■ **WHAT YOU SHOULD DO**
Transcribe only the lines in the data below falling between the line with "Hi thanks for" and the line with "当线框匀速转动时,乙图中可正确反映线框感应电动势e随时间t变化规律的是", including those two lines, and leave out any picture.

■ **RECORDS FOR PROCESSING**
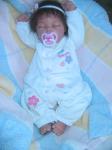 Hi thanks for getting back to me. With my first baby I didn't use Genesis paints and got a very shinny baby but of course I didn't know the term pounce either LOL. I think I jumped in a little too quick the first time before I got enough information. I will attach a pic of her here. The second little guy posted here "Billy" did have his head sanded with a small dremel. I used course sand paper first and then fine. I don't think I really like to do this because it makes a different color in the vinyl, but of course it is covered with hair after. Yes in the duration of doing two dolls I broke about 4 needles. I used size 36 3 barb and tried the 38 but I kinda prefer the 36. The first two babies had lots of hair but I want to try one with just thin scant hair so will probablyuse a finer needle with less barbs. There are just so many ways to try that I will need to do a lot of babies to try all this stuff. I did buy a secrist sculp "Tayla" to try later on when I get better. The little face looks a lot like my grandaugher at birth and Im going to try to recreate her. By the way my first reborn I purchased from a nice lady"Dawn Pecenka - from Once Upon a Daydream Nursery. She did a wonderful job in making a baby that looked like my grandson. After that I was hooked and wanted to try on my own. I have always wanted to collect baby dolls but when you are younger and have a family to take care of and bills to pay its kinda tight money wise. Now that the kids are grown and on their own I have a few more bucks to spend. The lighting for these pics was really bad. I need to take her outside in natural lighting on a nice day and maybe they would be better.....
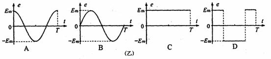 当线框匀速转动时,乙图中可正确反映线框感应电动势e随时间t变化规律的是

---

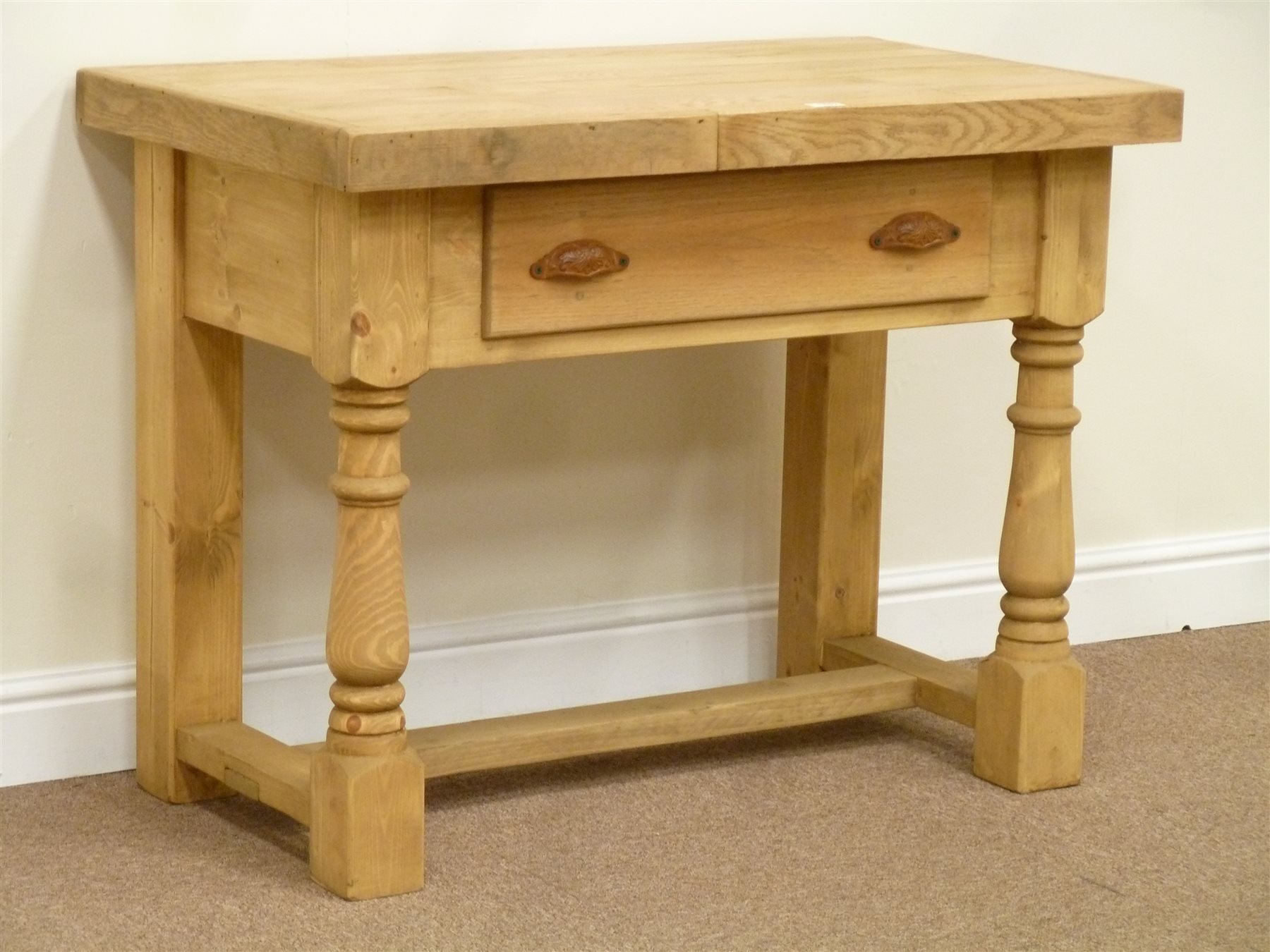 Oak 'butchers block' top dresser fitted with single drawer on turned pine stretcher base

■ **PROBLEM SOLUTION**
 Hi thanks for getting back to me. With my first baby I didn't use Genesis paints and got a very shinny baby but of course I didn't know the term pounce either LOL. I think I jumped in a little too quick the first time before I got enough information. I will attach a pic of her here. The second little guy posted here "Billy" did have his head sanded with a small dremel. I used course sand paper first and then fine. I don't think I really like to do this because it makes a different color in the vinyl, but of course it is covered with hair after. Yes in the duration of doing two dolls I broke about 4 needles. I used size 36 3 barb and tried the 38 but I kinda prefer the 36. The first two babies had lots of hair but I want to try one with just thin scant hair so will probablyuse a finer needle with less barbs. There are just so many ways to try that I will need to do a lot of babies to try all this stuff. I did buy a secrist sculp "Tayla" to try later on when I get better. The little face looks a lot like my grandaugher at birth and Im going to try to recreate her. By the way my first reborn I purchased from a nice lady"Dawn Pecenka - from Once Upon a Daydream Nursery. She did a wonderful job in making a baby that looked like my grandson. After that I was hooked and wanted to try on my own. I have always wanted to collect baby dolls but when you are younger and have a family to take care of and bills to pay its kinda tight money wise. Now that the kids are grown and on their own I have a few more bucks to spend. The lighting for these pics was really bad. I need to take her outside in natural lighting on a nice day and maybe they would be better.....
 当线框匀速转动时,乙图中可正确反映线框感应电动势e随时间t变化规律的是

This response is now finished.